Sergeant Kenneth Eyre was the aircraft’s wireless operator doubling as a gunner.

“Sergeant Eyre had the nickname Mad Taff so his Welsh origins are absolutely certain,” says Mr Aston, who has a life-long obsession with wartime flying.

“Sergeant Weaver’s name is on our local war memorial and I have spent years trying to find out more about him.

The maddening thing is that as a boy I knew his mother, but when you are a lad you never know the questions to ask until it is too late.”

The details of the death of Q-Queenie come from German records which state that Haisch of Night Fighter Squadron 3 and flying a Messerschmitt encountered the British bomber at 22.26 hours (10.26pm) at a height of 3,000 feet seven miles west of the islands.
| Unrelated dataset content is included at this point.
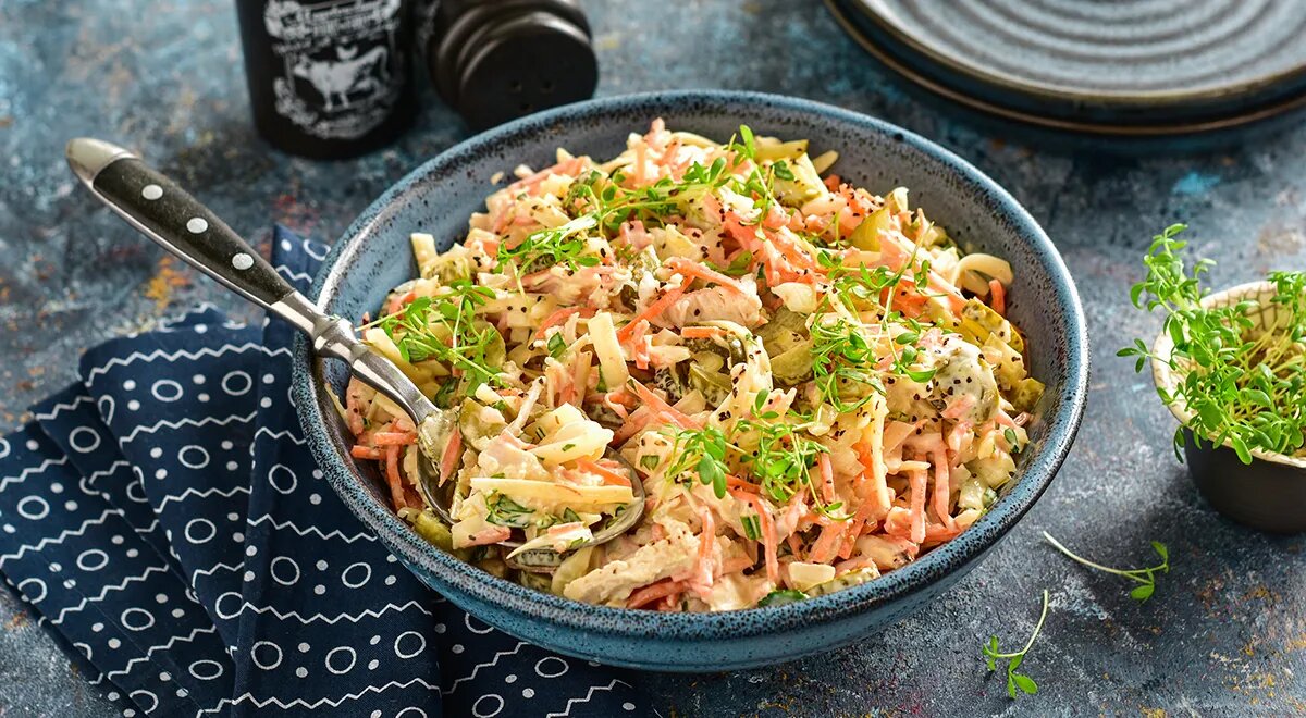Салат «Лисичка» с его насыщенным и оригинальным вкусом отлично подойдет как для обычного обеда, так и для праздничного застолья. Это пример вкусного и необычного блюда, которое не требует дорогих ингредиентов. Все необходимые продукты легко найти в ближайшем магазине, даже возвращаясь с работы. Поместите филе в небольшую кастрюлю, залейте горячей водой и доведите до кипения на плите. Слегка посолите и варите в течение 15 минут. Затем снимите с огня и оставьте остывать в бульоне. Очистите лук и нарежьте его как можно мельче. Положите лук в миску, залейте яблочным уксусом и перемешайте. Дайте ему промариноваться 10 минут. Мелко нарежьте листочки петрушки, отделенные от веточек. Огурцы нарежьте тонкими кружочками, затем разрежьте каждый кружок пополам. Корейскую морковь откиньте на сито, чтобы удалить лишний маринад, и нарежьте её на мелкие кусочки. Натрите сыр на крупной терке. Нарежьте куриное филе тонкими полосками и переложите в большую миску. Добавьте натертый сыр, замаринованный лук

With darkness favouring the attacker, the Stirling, which was Oberfeldwebel Haisch’s eighth kill was sent crashing into the sea.A later search yielded no bodies or wreckage.

“The names of the two Welshmen appear on the RAF memorial at Runnymede but these brave young men have no grave other than the North Sea,”

Mr Aston says. “I am working with a Canadian researcher to find out as much about them as I can.

“I am absolutely sure this would be of interest and comfort to Sergeant Weaver and Sergeant Eyre’s families the trouble is I am not absolutely sure where they came from.

“One clue I do have is that the Weavers may have come to Gloucestershire to escape the Depression because they had only been in the village of Woodchester a fewyears before Emrys was killed.

“I have heard that the Weaver family might have run a bus company in Wales and that Emrys had a brother named Gordon.

“Since the Depression hit mining areas worst of all it is quite possible that one or both men came from the Gwent Valleys. A photograph of four members of the crew taken before their fateful mission shows Sergeant Eyre third from left.

"It is therefore possible that the airman on the extreme right wearing the cap is Sergeant Weaver.

“Haisch was not to outlive his victims for very long. He died in a flying accident before the end of the war.”

The telephone directory for Newport and South-east Wales yields half a column of Weavers but only ten Eyres.

“Sergeant Weaver may have had a brother,” Mr Aston continued.

“In both men’s cases there must be living relatives.

“If any relatives, or anyone who knows anything about these brave you men would like to contact me on 01453 765043 or Aston.p1@sky.com “Somewhere in the depths of the North Sea their Stirling is entombed.

“I am in the process of putting together my files of RAF and Allied losses which will eventually be turned over to the records office or to the RAF Museum.”